Search code examples
amazon-emraws-step-functions

Is there a way to get Step Functions input values into EMR step Args


We are running batch spark jobs using AWS EMR clusters. Those jobs run periodically and we would like to orchestrate those via AWS Step Functions.

As of November 2019 Step Functions has support for EMR natively. When adding a Step to the cluster we can use the following config:

"Some Step": {
    "Type": "Task",
    "Resource": "arn:aws:states:::elasticmapreduce:addStep.sync",
    "Parameters": {
        "ClusterId.$": "$.cluster.ClusterId",
        "Step": {
            "Name": "FirstStep",
            "ActionOnFailure": "CONTINUE",
            "HadoopJarStep": {
                "Jar": "command-runner.jar",
                "Args": [
                    "spark-submit",
                    "--class",
                    "com.some.package.Class",
                    "JarUri",
                    "--startDate",
                    "$.time",
                    "--daysToLookBack",
                    "$.daysToLookBack"
                ]
             }
         }
     },
     "Retry" : [
         {
             "ErrorEquals": [ "States.ALL" ],
             "IntervalSeconds": 1,
             "MaxAttempts": 1,
             "BackoffRate": 2.0
         }
     ],
     "ResultPath": "$.firstStep",
     "End": true
}

Within the Args List of the HadoopJarStep we would like to set arguments dynamically. e.g. if the input of the state machine execution is:

{
    "time": "2020-01-08",
    "daysToLookBack": 2
}

The strings in the config starting with "$." should be replaced accordingly when executing the State Machine, and the step on the EMR cluster should run command-runner.jar spark-submit --class com.some.package.Class JarUri --startDate 2020-01-08 --daysToLookBack 2. But instead it runs command-runner.jar spark-submit --class com.some.package.Class JarUri --startDate $.time --daysToLookBack $.daysToLookBack.

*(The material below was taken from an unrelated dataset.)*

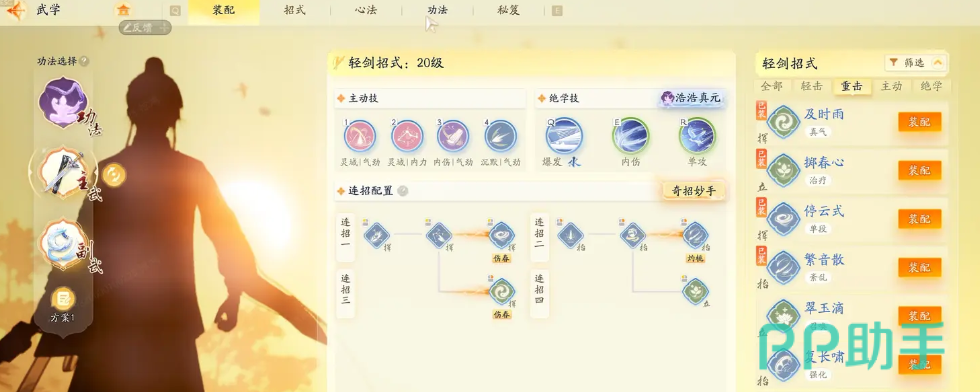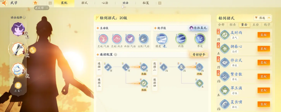 而小编推荐大家试试灵域轻剑套路。这个套路的重击在灵域状态下输出非常可观。轻剑是个攻击范围比较广的远程武器,离BOSS较远,方便我们规避伤害。而且确保有一个技能能造成沉默效果。当看到侯通海开始蓄力的时候,就要马上放出沉默技能,让他无法用技能还手。

Does anyone know if there is a way to do this?


Solution

  • Parameters allow you to define key-value pairs, so as the value for the "Args" key is an array, you won't be able to dynamically reference a specific element in the array, you would need to reference the whole array instead. For example "Args.$": "$.Input.ArgsArray".

    So for your use-case the best way to achieve this would be to add a pre-processing state, before calling this state. In the pre-processing state you can either call a Lambda function and format your input/output through code or for something as simple as adding a dynamic value to an array you can use a Pass State to reformat the data and then inside your task State Parameters you can use JSONPath to get the array which you defined in in the pre-processor. Here's an example:

    {
    "Comment": "A Hello World example of the Amazon States Language using Pass states",
    "StartAt": "HardCodedInputs",
    "States": {
        "HardCodedInputs": {
            "Type": "Pass",
            "Parameters": {
                "cluster": {
                    "ClusterId": "ValueForClusterIdVariable"
                },
                "time": "ValueForTimeVariable",
                "daysToLookBack": "ValueFordaysToLookBackVariable"
            },
            "Next": "Pre-Process"
        },
        "Pre-Process": {
            "Type": "Pass",
            "Parameters": {
                "FormattedInputsForEmr": {
                    "ClusterId.$": "$.cluster.ClusterId",
                    "Args": [
                        {
                            "Arg1": "spark-submit"
                        },
                        {
                            "Arg2": "--class"
                        },
                        {
                            "Arg3": "com.some.package.Class"
                        },
                        {
                            "Arg4": "JarUri"
                        },
                        {
                            "Arg5": "--startDate"
                        },
                        {
                            "Arg6.$": "$.time"
                        },
                        {
                            "Arg7": "--daysToLookBack"
                        },
                        {
                            "Arg8.$": "$.daysToLookBack"
                        }
                    ]
                }
            },
            "Next": "Some Step"
        },
        "Some Step": {
            "Type": "Pass",
            "Parameters": {
                "ClusterId.$": "$.FormattedInputsForEmr.ClusterId",
                "Step": {
                    "Name": "FirstStep",
                    "ActionOnFailure": "CONTINUE",
                    "HadoopJarStep": {
                        "Jar": "command-runner.jar",
                        "Args.$": "$.FormattedInputsForEmr.Args[*][*]"
                    }
                }
            },
            "End": true
        }
      }
    }